A correct way, would be to suggest that for instance - 44 out of 45 people asked said.... Percentages only work well, with much larger quantities.
 
Is it just fractional percentages that you don't like? If it had been 44 out of 50 would you object to "88%"?
 
Many people don't understand percentages.
As I've written to Harry, I think that most people 'understand' percentages, in the sense that the find them more easily conceptualised and thought about than fractions. I suppose that makes sense, in as much as one is essentially converting fractions to ones that all had a common denominator, enabling one to compare chalk with chalk, rather than with cheese.
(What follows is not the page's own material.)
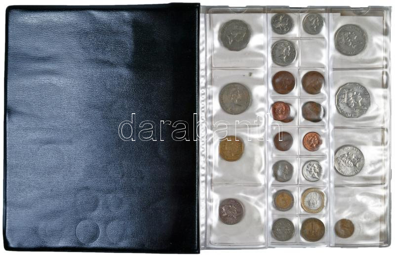 Vegyes fémpénzek gyűrűs éremtartó albumba rendezve, közel 100db érme Nagy-Britannia, Francia Polinézia, Chile, Egyesült Államok pénzeiből T:vegyes
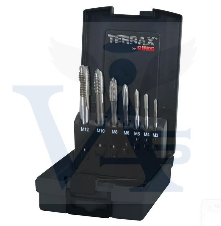 RUKO menetfúró készlet M3-12 - TERRAX, GÉPI, EGYENES HORNYÚ GYORSACÉL DIN371/376

For example, I suspect that many, even very 'numerate', people could not tell you, at a glance (i.e. with at least doing some mental arithmetic), whether, say, 7/17 was more or less than 5/16. However, if one converted that to (approximately, rounded), 41.2% and 31.3% the answer would be obvious to almost anyone. Even more dramatic if the fractions were, say, 59/171 and 76/211 :-)

What a lot of people understand far less is how to 'apply' percentages - in particular, as you go on to illustrate, getting the numerator and denominator 'the right way around'.
I remember once having quite a job to explain to someone, in the context of moaning about an example of shrinkflation (a despicable practice, IMO) where they'd reduced the size of a product from 600ml to 500ml and kept the price the same was a 20% price hike, not the 16.7% he'd come up with., respectively,
That's actually quite a subtle one, and a very common sort of error. In fact, I suspect that an appreciable proportion of even fairly 'numerate' people would come up with the incorrect answer 'intuitively', even if they would produce the correct answer if they 'stopped and thought about it'.

Consumers can sometimes be exploited when two or more 'percentage discounts' are applicable to a purchase, since the order in which the discounts are applied will affect the total amount of discount they agree - so guess what order the sellers usually use :-).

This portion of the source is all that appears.